Der Fachmann weist auf einen weiteren nützlichen Nebeneffekt seines Tuns hin, die Zecken mit Borrelien betreffen. Bei beweideten Flächen sei das Risiko, bei einem Zeckenbiss an Borreliose zu erkranken, um das 60-fache geringer. Dies hänge damit zusammen, dass die Zecken auf Schafe und Ziegen gehen. Werden diese Tiere jedoch "gebissen", verlieren die Zecken ihre Borrelien – und die Vierbeiner können sie nicht infizieren. Ein Wunder der Natur, das zum Beispiel in der Nähe eines Kinderspielplatzes nicht ungelegen kommen muss.

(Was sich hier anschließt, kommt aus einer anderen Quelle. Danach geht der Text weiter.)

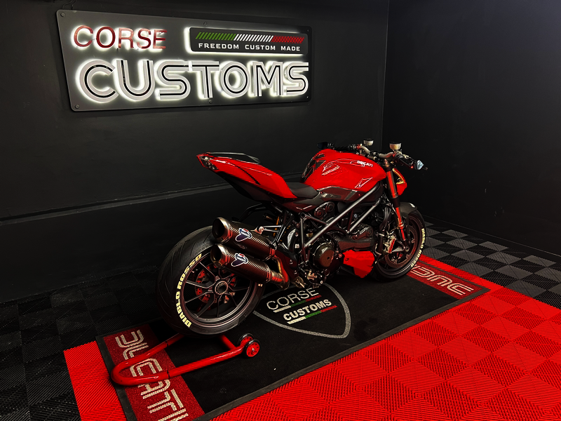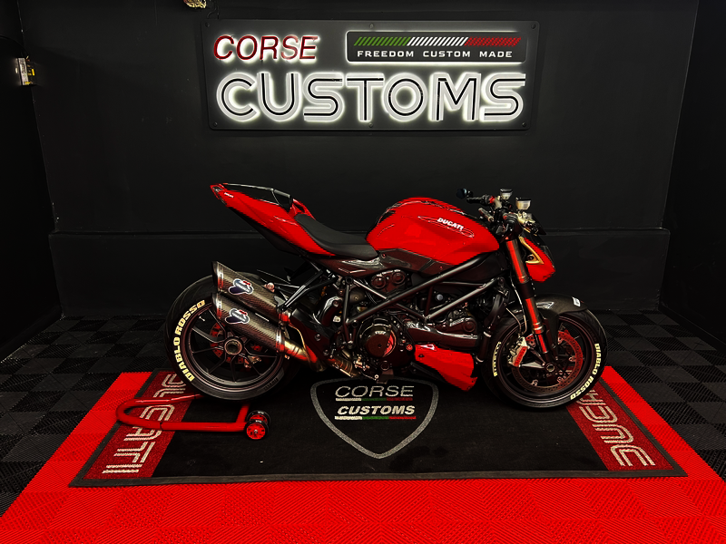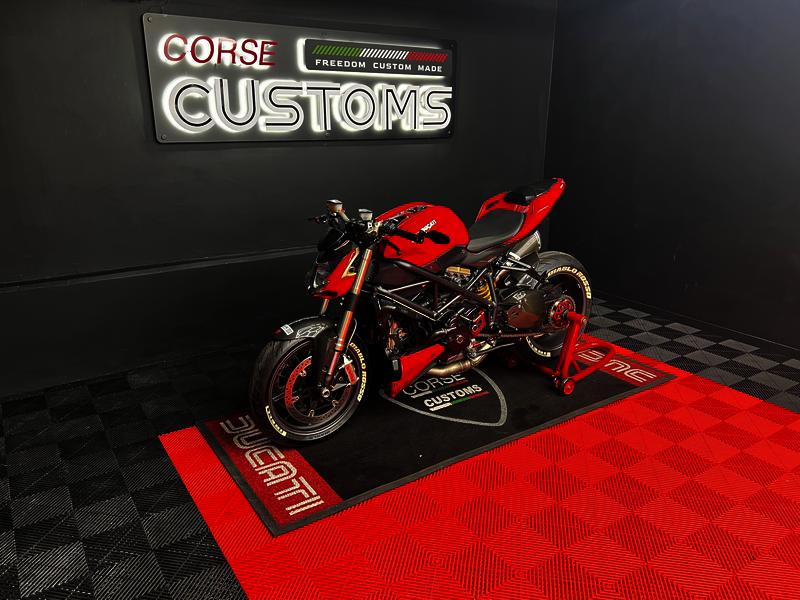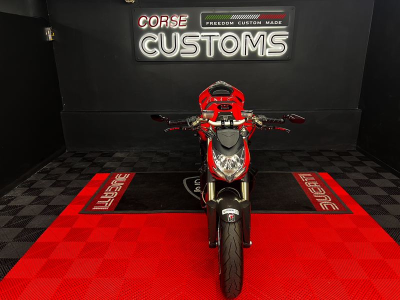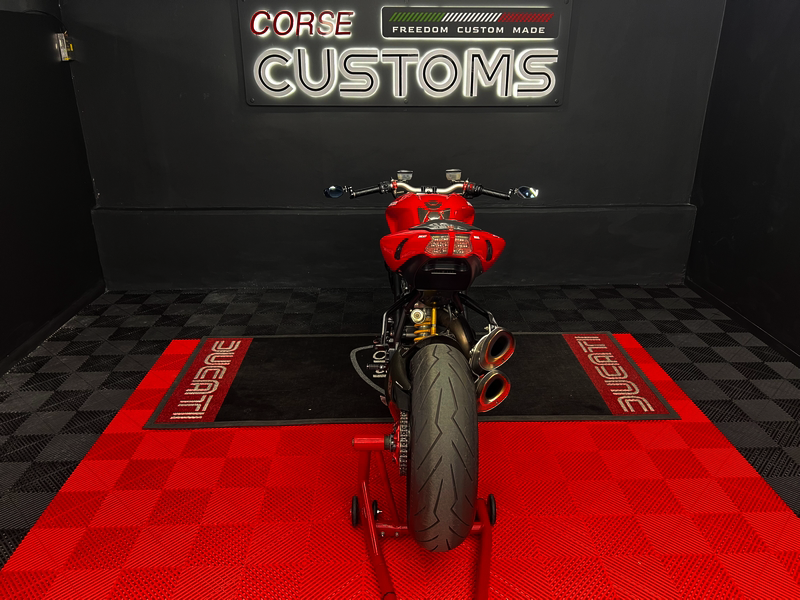 A raw Italian superbike icon. Powered by the legendary 1099cc L-Twin, featuring aggressive styling, premium components, and twin high-mounted exhausts. Pure Ducati performance, proudly presented by Corse Customs.

Lamprechts Pachtvertrag läuft auf 15 Jahre, das Projekt ist also auf Dauer angelegt. Die Kulturlandschaftspflege geschieht nicht auf einen Schlag, sondern sukzessive. Die Herde wandert von Weide zu Weide, immer eingegrenzt durch einen "elektrischen Hirtenbub", einen speziellen netzartigen Zaun. Der Kontakt zu Lamprecht kam durch Scheible und Bischof zustande, als der bisherige Schäfer andere Weiden aufgesucht hat.

Frank Lamprecht vergisst nicht darauf hinzuweisen, dass er bei Gelegenheit Führungen mit Blick auf Pflanzen und Vögel anbieten wolle. Und er bittet, ihn anzurufen, falls die Tiere trotz des Zauns ausgebüxt seien, Telefon: 0160/ 7 20 86 85.